Eli Lilly and Company (LLY) on Thursday said it would not seek approval for edivoxetine, an experimental drug to treat major depression, after it failed to meet its primary endpoint in three late-stage trials.
LY2216684 (edivoxetine) was designed to inhibit the reuptake of norepinephrine. It was being studied as an add-on therapy for major depressive disorder and as a monotherapy for pediatric attention deficit hyperactivity disorder (ADHD). The setback is a disappointment as LLY has had long success in the market for psychiatric drugs, especially because the setback leaves Lilly without any new psychiatric drugs in its late-stage pipeline. The most advanced depression drug in LLY’s pipeline is LY2940094, a NOC-1 antagonist, currently in phase 2 trials.
Lilly lost patent protection for its largest-selling drug, Zyprexa, an atypical antipsychotic in 2012, and sales dropped over 80%. That left Cymbalta, a seratonin-norepinephrine reuptake inhibitor (SNRI) for depression, as Lilly’s best-selling drug, with just over $5 billion in sales. Cymbalta’s primary competition in the depression market is Pfizer’s now-generic Effexor, the first drug in the SNRI class. The primary benefit of Cymbalta over Effexor was that it did not require patients to titrate (slowly increase dosages) to get to a therapeutic dose; however, Cymbalta never really succeeded as a depression drug. A significant portion of Cymbalta prescriptions are for nerve pain (neuropathy).

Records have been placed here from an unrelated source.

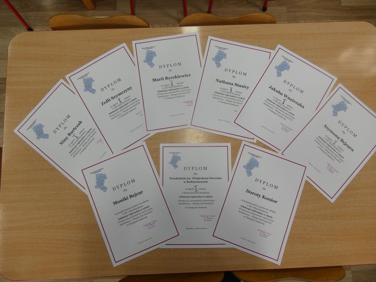 Sprawozdanie z realizacji projektu wraz z video blogiem zostały wysoko ocenione przez Wojewódzką Komisję Konkursową, czego efektem jest zakwalifikowanie Przedszkola im. Władysława Pieronka w Radziechowach do finału konkursu. Grupa przedszkolaków pod kierunkiem wychowawczyń 7 czerwca 2022r. wzięła udział w finale konkursu w siedzibie Zespołu Pieśni i Tańca "Śląsk" im. Stanisława Hadyny w Koszęcinie. Zaprezentowana przez przedszkolaki piosenka promująca Radziechowy, scenka o tematyce ekologicznej oraz rozwiązanie zadań przyrodniczych zostało bardzo wysoko ocenione przez komisję wojewódzką. W finale XII edycji konkursu „Edukacja regionalna w szkole” Przedszkole im. Władysława Pieronka w Radziechowach zajęło zaszczytne II miejsce.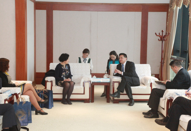 On April 4, a three-person delegation ledby Ms. Ana Teresa Alves, Vice Chairman of the University of the Azores,Portugal, paid a visit to SHOU, and held a meeting with SHOU President ChengYudong, VicePresident Li Jiale, and representatives andpersons in charge of the International Exchange Office, the Teaching AffairsOffice, the Science and Technology Office, the Graduate School, the Developmental Planning Office,etc.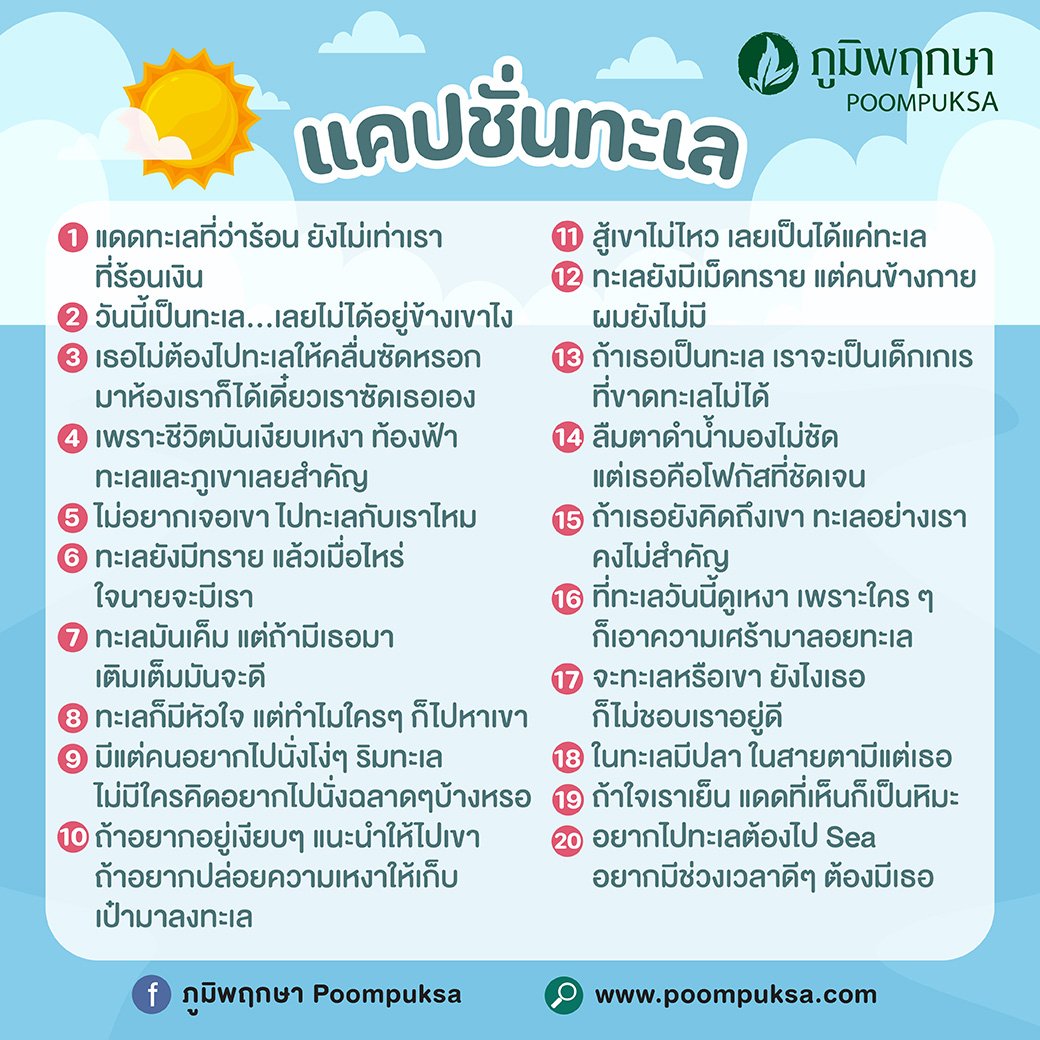 ซัมเมอร์นี้ใครมีแพลนเที่ยวทะเล ถ่ายรูปปังๆ อัพลงโซเชียล แล้วยังไม่มีแคปชั่นเด็ดๆ ภูมิพฤกษารวบรวมมาให้แล้ว ยอดไลค์พุ่งแน่นอน ไปดูกันเลย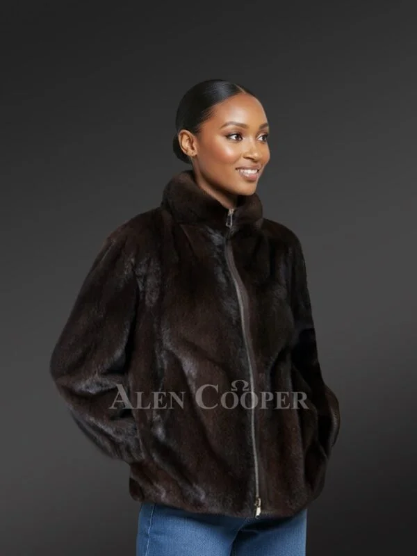 Womens Brown Mink Bomber – Chic Looks with Comforting Touch of Mink Fur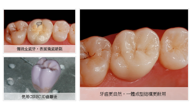 CEREC 3D 齒雕-全瓷牙冠:傳統瓷冠破裂重修

The failure is another setback for new depression drugs which have generally failed to find a new mechanism since the introduction of the SNRI’s in 1993. Vilbryd, made by Forest Lab’s (FRX) and introduced in 2011, is the last new depression drug introduced into the U.S. Vilbryd, however, carries a black box warning and has not been highly successful, with annual sales of less than $200 million.